Все это — крупные формы, которые доверены Шару. Наша звезда умножает мельчайшие формы — основу химии — от лития через углерод и кальций все дальше и тяжелей — почетная и трудная работа. Шар получил эту основу в наследство от неизвестной нам древней звезды или звезд, уже успевших разбросать семена из раскрытой коробки по Млечному Пути. Шар сумел возвести из них крупные формы — дело тоже очень нелегкое и необычайно важное. В Солнечной системе много самых разных Шаров — больших, малых и совсем почти незаметных. Точное их число до сих пор не установлено. Все они несут свою высокую службу. Солнце неустанно создает свои элементы, немногие по названию, но не поддающиеся никакому количественному учету. Шары, наоборот, вырабатывают беспредельную номенклатуру форм, хотя их общая масса не идет ни в какое сравнение с продукцией Солнца. И формы эти от самых мелких, как, например, отдельная песчинка, порой бывают грандиозными, заслуживая отдельного имени: Эверест, пик Победы, ледник Федченко, Байкал. Шары не то чтобы соревнуются друг с другом, однако никто не хочет уступить пальму первенства в выработке самых разнообразных сочетаний массы, элементного и молекулярного состава. Максим вспомнил про Эверест на Земле. Марс, радиус которого вдвое меньше, сумел поднять над собой вулкан Олимп высотой в 27 км. Планетам земной группы повезло больше остальных, их атомарный список оказался намного длиннее. Поэтому по-настоящему острое соревнование развернулось между ними. Земля вышла в лидеры, выстроив помимо каменной, водной и газовой оболочек биосферу. Вот уж воистину, когда Вселенная творила Землю, она ей материнство обещала.

Однако чем все-таки прирастает деревня? Пространством, если оно еще есть. И людьми. Но пространство рано или поздно заканчивается, а люди нет. Наоборот, их становится все больше и больше. Во-первых, потому, что они живые существа. Их время течет стремглав. Во-вторых, сама Земля требует новых работников. Супружеская пара лишь тогда входит в силу в качестве земледельческой ячейки, когда рядом с ней поднялись дети и заполнили функциональный спектр хозяйственной жизни. В результате уже через два-три поколения Земля безнадежно отстает от людей. Вырвавшись вперед, они попадают в демографическую ловушку, похожую на глубокую яму, из которой выбраться невозможно.
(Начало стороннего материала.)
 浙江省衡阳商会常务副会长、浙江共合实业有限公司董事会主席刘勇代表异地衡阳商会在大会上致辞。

Мировая деревня колеблется между бурным ростом населения, востребованностью рабочих рук и их катастрофическим избытком. Она не привлекает людей со стороны, как делает город, способом социальной возгонки. Она воспроизводит население естественным путем. Если есть земля, способная плодоносить, будут и дети. Едва встав на ноги, они уже ее работники, растут не по дням, а по часам, подобно стеблям бамбука.
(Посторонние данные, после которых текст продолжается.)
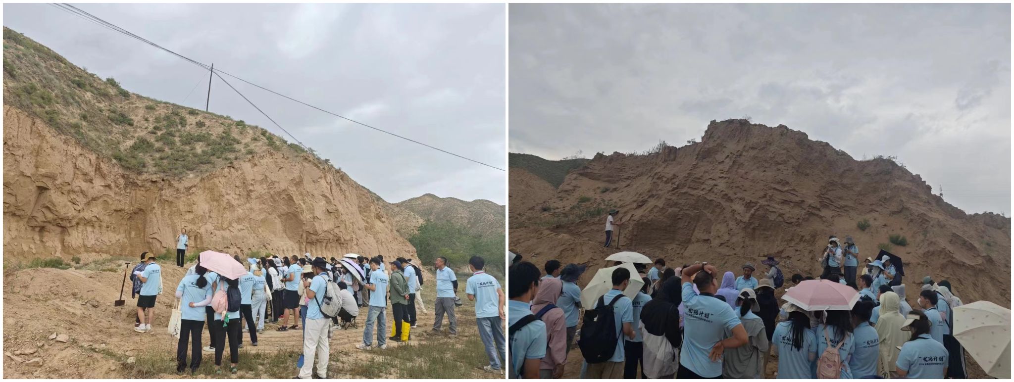 下午来到了实习第一站兰州九州台,兰州大学资源环境学院的李卓仑老师负责本次野外讲解,李老师主要讲授了基座地貌的识别方法,引导同学识别出九州台为上层黄土、中间砾石层、下层黄土的基座类型,就不同地层的形成环境与原因进行了深入讲解,并讲授了兰州盆地河流阶地的成因。

Дети в Мировой деревне рождаются не столько хотением мужа, сколько земли. Раз она кормит, за ней нужно ухаживать, и тем заботливей, чем больше оскудевает силой от множества людей, припадающих к ее сосцам.

Голос Фая вошел в него издалека, как будто они находились в разных слоях одного и того же времени и теперь перекликались. Максим успел удалиться в окрестность. Там всюду порхали мысли, предлагая себя поймать. Их было много, одна лучше другой, его внимание постоянно раздваивалось. Это походило на сон, ведь во сне тоже много чего происходит, но без осознания самого себя. Если попал в поток случайных образов, тебя несет, как вещь. Не ты вызываешь их, они появляются. Так же точно и мысли: ты думаешь их, и вдруг в какой-то момент они начинают думать тебя.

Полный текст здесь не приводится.